The Agreement is also the subject of three ministerial recommendations that are to be
implemented once the Agreement is in force by the “Customs Valuation Committee,” the
chief oversight body created by the Agreement. They are meant to address certain
concerns raised by developing countries and do not alter the basic obligations of the code.
1.
Dispute Settlement
Article 19 of the Agreement applies the rules of the Dispute Settlement
Understanding to disputes between member governments over the application or
interpretation of the Valuation Agreement. In addition, the “Technical Committee on
Customs Valuation” created by the Agreement, which operates under the auspices of the
Brussels-based “Customs Cooperation Council,” will provide advice and assistance, on
request, to WTO members when they consult under the dispute settlement procedures of
the Agreement.
2.
Value Declarations
A ministerial recommendation on value declarations – to be adopted as a
“decision” of the Customs Valuation Committee – recognizes that customs authorities
may take reasonable steps to guard against questionable declarations of value, but
provides that governments must provide minimum standards of transparency and fairness
in deciding whether to reject an importer’s declaration. The decision balances the need
of importing countries to ensure accurate valuation and the need of legitimate traders to
be protected from unwarranted harassment.
3.
Minimum Values and Sole Concessionaires
Under the existing code, developing country members may continue to assign
minimum – as opposed to transaction – values to their imports to the extent, and for such
time as, agreed by the other members of the code.
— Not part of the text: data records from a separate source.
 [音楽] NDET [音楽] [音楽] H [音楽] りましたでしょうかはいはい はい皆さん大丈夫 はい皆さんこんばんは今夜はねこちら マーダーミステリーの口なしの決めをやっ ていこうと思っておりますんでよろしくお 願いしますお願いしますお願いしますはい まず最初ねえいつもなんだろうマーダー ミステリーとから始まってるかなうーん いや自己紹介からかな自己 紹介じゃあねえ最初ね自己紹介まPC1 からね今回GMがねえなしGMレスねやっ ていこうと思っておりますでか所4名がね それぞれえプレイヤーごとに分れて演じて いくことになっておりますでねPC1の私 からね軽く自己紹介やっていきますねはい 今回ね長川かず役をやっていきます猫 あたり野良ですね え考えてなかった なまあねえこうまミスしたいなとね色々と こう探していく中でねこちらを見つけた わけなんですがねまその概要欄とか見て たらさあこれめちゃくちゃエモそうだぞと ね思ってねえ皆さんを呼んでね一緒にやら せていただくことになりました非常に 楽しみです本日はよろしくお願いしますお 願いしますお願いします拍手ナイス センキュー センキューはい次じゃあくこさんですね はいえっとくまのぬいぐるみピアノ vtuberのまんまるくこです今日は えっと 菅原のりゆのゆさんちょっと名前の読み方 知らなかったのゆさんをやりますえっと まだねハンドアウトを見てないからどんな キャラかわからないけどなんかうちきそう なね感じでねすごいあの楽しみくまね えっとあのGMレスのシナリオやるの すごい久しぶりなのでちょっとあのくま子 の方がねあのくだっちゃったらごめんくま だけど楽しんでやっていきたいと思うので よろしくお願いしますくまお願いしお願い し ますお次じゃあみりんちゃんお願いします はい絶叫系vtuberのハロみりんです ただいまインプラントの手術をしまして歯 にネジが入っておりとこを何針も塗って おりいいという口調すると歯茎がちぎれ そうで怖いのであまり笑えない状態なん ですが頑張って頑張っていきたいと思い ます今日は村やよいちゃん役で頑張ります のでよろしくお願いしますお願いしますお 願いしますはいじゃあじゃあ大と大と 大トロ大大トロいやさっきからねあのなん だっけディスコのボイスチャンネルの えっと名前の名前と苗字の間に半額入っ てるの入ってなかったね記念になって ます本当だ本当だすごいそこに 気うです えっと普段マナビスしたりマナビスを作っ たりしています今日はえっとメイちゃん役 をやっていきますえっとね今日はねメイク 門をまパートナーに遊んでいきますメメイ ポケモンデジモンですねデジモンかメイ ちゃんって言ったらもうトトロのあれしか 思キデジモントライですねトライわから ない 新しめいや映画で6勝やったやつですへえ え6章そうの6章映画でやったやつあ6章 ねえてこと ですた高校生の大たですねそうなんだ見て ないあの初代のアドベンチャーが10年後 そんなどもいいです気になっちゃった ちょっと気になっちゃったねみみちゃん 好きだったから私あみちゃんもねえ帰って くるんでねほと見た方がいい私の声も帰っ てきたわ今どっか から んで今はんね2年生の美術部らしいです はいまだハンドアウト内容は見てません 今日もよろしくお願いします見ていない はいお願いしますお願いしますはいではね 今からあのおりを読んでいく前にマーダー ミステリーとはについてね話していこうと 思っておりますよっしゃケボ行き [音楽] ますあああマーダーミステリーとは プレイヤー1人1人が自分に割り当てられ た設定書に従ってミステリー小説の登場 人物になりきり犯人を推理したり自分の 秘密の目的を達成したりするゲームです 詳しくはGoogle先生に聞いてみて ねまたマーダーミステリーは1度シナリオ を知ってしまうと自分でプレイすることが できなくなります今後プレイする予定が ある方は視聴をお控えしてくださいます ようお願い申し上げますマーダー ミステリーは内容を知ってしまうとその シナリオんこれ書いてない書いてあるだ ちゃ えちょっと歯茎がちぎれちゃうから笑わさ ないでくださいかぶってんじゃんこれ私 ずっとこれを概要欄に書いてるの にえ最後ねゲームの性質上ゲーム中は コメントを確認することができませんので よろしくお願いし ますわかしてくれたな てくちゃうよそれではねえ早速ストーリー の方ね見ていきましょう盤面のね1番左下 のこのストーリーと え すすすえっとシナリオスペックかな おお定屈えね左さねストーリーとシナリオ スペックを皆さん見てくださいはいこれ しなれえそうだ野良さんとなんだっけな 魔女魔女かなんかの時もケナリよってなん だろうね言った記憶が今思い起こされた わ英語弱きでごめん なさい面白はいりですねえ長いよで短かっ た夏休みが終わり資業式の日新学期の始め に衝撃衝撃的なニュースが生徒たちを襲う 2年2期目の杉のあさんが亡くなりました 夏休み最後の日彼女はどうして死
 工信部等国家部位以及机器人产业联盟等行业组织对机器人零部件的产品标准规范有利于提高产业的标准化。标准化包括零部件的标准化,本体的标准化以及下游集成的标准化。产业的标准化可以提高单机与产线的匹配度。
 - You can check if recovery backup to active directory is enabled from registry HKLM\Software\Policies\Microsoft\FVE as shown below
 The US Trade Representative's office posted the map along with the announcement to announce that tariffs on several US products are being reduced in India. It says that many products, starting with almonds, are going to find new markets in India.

Once the ministerial recommendation
on minimum values is implemented, that will no longer be the case. Instead, the Customs
Valuation Committee will give “sympathetic consideration” to requests for reservations
of this kind if the developing country in question can show “good cause” for its request.
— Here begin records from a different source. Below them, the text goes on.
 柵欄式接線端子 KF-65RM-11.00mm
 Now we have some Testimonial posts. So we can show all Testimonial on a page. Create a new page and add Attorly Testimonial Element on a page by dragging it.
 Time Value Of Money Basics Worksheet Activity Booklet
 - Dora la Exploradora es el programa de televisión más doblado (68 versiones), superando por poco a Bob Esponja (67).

A further ministerial recommendation recognizes that developing countries have
raised concerns regarding valuations by sole agents, distributors, and concessionaires. It
suggests that such countries may wish to use the five-year grace period before the
Valuation Agreement applies to them to conduct studies on sole concessionaire valuation.
The text also recommends that the Customs Cooperation Council assist developing
countries in conducting such studies.